Also, MetroLink is the light rail system to avoid traffic. Trains are neat, clean and safe. The station is on the west side, called "Stadium" stop. There are two lines, red and blue, who share the track from the Forest Park - DeBaliviere stop to just over the Mississippi river into Illinois. Cost is $2.50 one-way, $1.25 for students and seniors. Make sure to get on the correct train.
In making a commitment to keep Cardinals baseball affordable, some ticket prices are as low as $5 on many nights. Programs are just $5 and are a good value with great articles and colorful photo essays. Each program includes a scorecard. Add a pencil for $1.
Food is very fairly priced with opportunity for you to get more or better quality food for a little more. Consider, though, the Cardinals allow you to bring food to the game provided you follow their rules. I suggest bringing the necessities to the game and spend money inside on a tasty bratwurst or bagel dog.
Merchandise is fairly priced. Parking is normal with some cheap options, but you cannot beat the light rail price of $5 roundtrip.
There are many reasons the Cardinals annually surpass the 3,000,000 mark in attendance and among them is affordability.
BALLPARK VILLAGE - I often tell people to spend time there early on game day or on a day when the Cardinals are not playing. There is so much to see and do and you just cannot enjoy it the way you should right before game time.
Consider visiting the atrium, a large dining and drinking area featuring a roof which opens and closes depending upon the weather and temperature; Ted Drewes Frozen Custard, a St. Louis tradition brought to the ballpark for the first time, several restaurants each with their own entertainment, rooftop seating like that which is enjoyed at Chicago's Wrigley Field and the Team Hall of Fame and Museum. The food and drink options are endless.
Of note for baseball fans is the Team Hall of Fame and Museum. At 8,000 square feet, it is the largest baseball Hall of Fame outside Cooperstown. It magnificently captures the early beginnings of the team before they were the Cardinals. It comprehensively covers all the little details in between eras including how the team was named, uniform changes through the years, World Series history, test your broadcasting skills, and a "Holding History" exhibit which I guarantee is like nothing you have ever witnessed.

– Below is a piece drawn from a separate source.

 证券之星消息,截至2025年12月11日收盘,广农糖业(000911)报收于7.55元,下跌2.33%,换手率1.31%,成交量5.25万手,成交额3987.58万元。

New for 2016, the always exciting Stan Musial exhibit has been downsized a touch to focus on the Cardinals' minor league system, one of the best in the majors. In addition, whereas in 2015 there were 16,000 items on display, 2016 offers 22,000 artifacts to view.
Whatever you do, do not miss the four-minute movie which plays upon entrance. Have a seat, become a Cardinal fan, enjoy the film and wipe your tears when it is over. Price is $12 for adults, $10 for military and those 60+, and $8 for children 15 and under. This is the same price as the tour, but you can get a combo ticket for both at $18 ($16 and $14 per respective visitors).

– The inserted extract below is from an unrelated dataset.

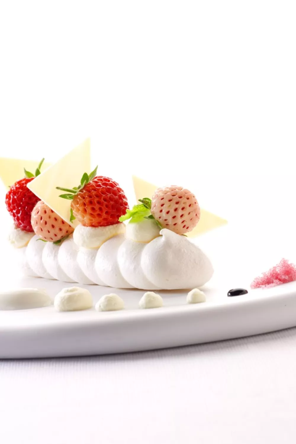 Leg voorzichtig enkele aardbeitjes op de meringue en voeg enkele toefjes slagroom toe. Werk verder af met muntblaadjes alvorens te serveren.

RADIO BROADCASTS - Many fans listen to the live games they attend through KMOX 1120 AM, a fixture for Cardinals baseball for decades despite the five-year interruption late in the last decade. John Rooney and former Cardinals player and native St. Louisan, Mike Shannon, call an entertaining game.
BALLPARK TOURS - A tour of Busch Stadium is a must if you can fit it into your schedule. Lasting one hour and beginning at Gate 3, your trip includes a visit to the Redbird Club, press box/suite level, Cardinals' Club, Cardinals' dugout and other unique areas in the ballpark.
MERCHANDISE AND GAME AUTHENTICS - The array of merchandise is incredible and there are many different ways to take home a piece of Busch Stadium and the game experience. Also, the Cardinals Authentics store, behind right-center field offers official and game used collectibles. It is worth a look even if you don't plan to buy.
FOR THE KIDS - For the little ones, there is the US Cellular Family Pavilion which offer lots of fun games for a small fee, such as t-ball and batting cages to test your swing, speed gun to see how fast you can throw, and a soft playground area under cover with places for parents to sit and watch the game while their children climb and crawl. Team mascot Fredbird makes frequent appearance in this area.
The St. Louis Cardinals rival the New York Yankees, Boston Red Sox and Chicago Cubs as the most popular teams over the last century of baseball.
And for the greater part of their history, the Cardinals called "Busch Stadium" home. However, there have actually been three Busch Stadiums, with the current one opening in 2006.
Incidentally, the Cardinals joined the Yankees as the only team to win the World Series during the first year in a new stadium.
The ballpark is chock full of historic quirks and facets. The centerfield gate (Gate 5) is actually centerfield of the second Busch Stadium. Painted lines mark the locations of the old foul lines and outfield wall. The new stadium was basically fully completed in 2005, but the team had to wait for the end of the season to complete it since the ballparks overlapped.
Gate 3 is a tremendous sight for any true baseball fan. Though Albert Pujols is the talk of the town these days in St. Louis, Stan Musial remains the most revered Cardinal of all time. A brass statue of "Stan the Man" sits outside the stadium under Musial Bridge - modeled after the historic Eads Bridge that was the first bridge to cross the Mississippi River in St. Louis.
Though the Anheuser Busch, Co. no longer owns the Cardinals, the company provided enough money to keep the naming rights to the stadium. It's hard to imagine the Cardinals playing anywhere but some version of a Busch Stadium.
As the public address announcer says before every home game, "Welcome to Baseball Heaven." Busch Stadium is truly a baseball heaven for the scores of fans that visit each year.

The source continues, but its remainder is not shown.